▶ Work instruction
Filter the entries down to the lines holding "that", then copy those lines.

Saved data entries
● ● ● ● ● ● ●

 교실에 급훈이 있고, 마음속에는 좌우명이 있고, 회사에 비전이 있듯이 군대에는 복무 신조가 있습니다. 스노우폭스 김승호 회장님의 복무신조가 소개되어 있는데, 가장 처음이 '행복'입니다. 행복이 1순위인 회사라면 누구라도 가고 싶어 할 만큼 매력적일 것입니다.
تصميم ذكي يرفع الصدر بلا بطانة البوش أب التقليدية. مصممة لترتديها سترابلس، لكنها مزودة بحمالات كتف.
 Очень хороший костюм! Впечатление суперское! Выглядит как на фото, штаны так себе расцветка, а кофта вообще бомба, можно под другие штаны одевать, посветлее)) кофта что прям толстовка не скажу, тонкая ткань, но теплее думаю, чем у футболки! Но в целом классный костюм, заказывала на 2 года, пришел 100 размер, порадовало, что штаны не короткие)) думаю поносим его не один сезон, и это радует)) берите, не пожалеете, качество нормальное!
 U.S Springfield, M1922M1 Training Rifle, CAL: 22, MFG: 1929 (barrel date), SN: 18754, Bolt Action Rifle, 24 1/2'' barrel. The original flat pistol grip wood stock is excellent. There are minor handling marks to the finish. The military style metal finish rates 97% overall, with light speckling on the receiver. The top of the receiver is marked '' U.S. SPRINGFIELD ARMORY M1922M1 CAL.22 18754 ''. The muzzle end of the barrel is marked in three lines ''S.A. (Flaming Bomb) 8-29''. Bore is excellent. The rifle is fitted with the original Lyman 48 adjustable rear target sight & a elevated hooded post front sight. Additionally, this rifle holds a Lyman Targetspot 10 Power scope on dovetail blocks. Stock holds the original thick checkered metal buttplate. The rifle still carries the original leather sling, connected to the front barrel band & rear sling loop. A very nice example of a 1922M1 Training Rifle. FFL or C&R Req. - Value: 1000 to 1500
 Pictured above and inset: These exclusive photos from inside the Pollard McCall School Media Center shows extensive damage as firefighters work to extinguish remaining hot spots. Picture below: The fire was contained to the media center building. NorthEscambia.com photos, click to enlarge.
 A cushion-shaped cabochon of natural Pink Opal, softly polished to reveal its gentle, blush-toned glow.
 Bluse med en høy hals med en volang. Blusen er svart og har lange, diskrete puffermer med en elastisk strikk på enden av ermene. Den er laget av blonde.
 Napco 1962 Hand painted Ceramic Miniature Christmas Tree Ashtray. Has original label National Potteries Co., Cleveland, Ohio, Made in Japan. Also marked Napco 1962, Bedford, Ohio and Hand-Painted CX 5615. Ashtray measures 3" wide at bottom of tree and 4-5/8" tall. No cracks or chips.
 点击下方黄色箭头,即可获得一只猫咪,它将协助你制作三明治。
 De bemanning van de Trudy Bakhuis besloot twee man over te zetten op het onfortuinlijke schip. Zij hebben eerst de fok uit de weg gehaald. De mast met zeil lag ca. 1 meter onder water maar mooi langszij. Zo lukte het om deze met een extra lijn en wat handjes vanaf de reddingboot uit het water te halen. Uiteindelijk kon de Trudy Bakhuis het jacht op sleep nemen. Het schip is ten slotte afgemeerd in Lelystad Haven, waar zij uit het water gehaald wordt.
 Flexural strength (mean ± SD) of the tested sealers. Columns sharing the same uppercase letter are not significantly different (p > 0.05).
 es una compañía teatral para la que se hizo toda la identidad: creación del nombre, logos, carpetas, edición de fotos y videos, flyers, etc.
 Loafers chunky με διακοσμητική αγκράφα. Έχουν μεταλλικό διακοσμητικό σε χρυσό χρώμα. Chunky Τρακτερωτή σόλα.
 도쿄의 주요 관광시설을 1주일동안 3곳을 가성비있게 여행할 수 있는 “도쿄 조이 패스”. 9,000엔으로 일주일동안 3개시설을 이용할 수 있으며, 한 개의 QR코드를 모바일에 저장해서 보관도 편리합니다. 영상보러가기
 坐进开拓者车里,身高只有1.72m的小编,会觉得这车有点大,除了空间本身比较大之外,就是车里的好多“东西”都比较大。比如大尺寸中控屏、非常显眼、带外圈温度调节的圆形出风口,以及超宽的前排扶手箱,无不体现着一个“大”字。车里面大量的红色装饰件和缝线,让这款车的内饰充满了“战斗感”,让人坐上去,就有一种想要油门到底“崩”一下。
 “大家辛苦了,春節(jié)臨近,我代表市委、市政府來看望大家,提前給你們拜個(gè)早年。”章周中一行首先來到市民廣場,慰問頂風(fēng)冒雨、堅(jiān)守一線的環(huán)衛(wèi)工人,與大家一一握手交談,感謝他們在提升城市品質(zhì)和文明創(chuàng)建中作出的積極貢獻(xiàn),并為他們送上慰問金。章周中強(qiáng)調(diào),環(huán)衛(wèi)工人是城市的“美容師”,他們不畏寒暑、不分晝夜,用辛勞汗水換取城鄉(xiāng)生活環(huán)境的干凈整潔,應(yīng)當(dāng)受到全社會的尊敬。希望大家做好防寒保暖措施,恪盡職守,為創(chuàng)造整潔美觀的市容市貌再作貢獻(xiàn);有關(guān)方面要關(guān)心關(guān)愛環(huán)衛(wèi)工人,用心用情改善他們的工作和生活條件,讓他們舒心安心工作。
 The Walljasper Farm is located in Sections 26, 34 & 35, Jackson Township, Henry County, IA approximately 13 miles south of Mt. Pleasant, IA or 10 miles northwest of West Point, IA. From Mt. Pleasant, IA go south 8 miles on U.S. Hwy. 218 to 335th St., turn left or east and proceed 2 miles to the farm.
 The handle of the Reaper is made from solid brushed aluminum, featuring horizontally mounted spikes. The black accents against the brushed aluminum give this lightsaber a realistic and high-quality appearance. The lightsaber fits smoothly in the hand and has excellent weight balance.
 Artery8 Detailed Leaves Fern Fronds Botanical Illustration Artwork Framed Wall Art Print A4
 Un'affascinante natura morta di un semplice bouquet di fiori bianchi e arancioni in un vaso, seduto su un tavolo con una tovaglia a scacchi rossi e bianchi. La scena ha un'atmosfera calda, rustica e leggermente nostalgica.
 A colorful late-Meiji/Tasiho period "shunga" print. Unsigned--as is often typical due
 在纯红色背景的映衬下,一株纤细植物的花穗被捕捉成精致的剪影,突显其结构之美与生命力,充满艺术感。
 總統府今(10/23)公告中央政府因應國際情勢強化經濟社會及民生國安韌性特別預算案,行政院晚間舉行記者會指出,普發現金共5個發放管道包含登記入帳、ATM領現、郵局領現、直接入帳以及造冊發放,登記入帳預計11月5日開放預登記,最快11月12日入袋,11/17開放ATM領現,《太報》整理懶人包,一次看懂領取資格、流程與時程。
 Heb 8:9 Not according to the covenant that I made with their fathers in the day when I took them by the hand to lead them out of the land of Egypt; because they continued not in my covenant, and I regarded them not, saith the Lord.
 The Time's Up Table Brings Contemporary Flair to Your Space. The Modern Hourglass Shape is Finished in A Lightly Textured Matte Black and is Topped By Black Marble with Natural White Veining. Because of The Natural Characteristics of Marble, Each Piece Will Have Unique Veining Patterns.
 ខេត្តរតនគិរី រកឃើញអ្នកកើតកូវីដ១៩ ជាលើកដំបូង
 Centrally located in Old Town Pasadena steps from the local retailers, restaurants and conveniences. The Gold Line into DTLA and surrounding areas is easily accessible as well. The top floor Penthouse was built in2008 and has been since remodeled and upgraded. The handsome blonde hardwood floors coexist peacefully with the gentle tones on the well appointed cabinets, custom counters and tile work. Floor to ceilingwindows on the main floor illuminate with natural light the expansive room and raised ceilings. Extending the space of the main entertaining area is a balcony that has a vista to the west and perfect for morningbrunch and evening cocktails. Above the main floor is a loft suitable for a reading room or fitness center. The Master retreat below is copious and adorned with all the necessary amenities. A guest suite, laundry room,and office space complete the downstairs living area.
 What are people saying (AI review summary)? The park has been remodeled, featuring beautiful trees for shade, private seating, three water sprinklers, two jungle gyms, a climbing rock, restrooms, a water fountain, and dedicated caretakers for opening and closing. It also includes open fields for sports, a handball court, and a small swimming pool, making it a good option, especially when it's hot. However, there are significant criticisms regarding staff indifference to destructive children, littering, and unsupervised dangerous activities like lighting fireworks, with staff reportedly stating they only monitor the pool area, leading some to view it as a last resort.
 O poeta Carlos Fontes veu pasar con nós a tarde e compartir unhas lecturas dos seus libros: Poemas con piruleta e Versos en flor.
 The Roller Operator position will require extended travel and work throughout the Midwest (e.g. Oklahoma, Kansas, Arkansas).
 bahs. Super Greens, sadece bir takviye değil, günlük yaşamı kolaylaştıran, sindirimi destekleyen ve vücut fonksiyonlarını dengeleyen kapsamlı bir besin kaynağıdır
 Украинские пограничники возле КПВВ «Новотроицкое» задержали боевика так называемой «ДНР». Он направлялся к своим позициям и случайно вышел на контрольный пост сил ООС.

● ● ● ● ● ● ●

▶ Reply
 Heb 8:9 Not according to the covenant that I made with their fathers in the day when I took them by the hand to lead them out of the land of Egypt; because they continued not in my covenant, and I regarded them not, saith the Lord.
 Centrally located in Old Town Pasadena steps from the local retailers, restaurants and conveniences. The Gold Line into DTLA and surrounding areas is easily accessible as well. The top floor Penthouse was built in2008 and has been since remodeled and upgraded. The handsome blonde hardwood floors coexist peacefully with the gentle tones on the well appointed cabinets, custom counters and tile work. Floor to ceilingwindows on the main floor illuminate with natural light the expansive room and raised ceilings. Extending the space of the main entertaining area is a balcony that has a vista to the west and perfect for morningbrunch and evening cocktails. Above the main floor is a loft suitable for a reading room or fitness center. The Master retreat below is copious and adorned with all the necessary amenities. A guest suite, laundry room,and office space complete the downstairs living area.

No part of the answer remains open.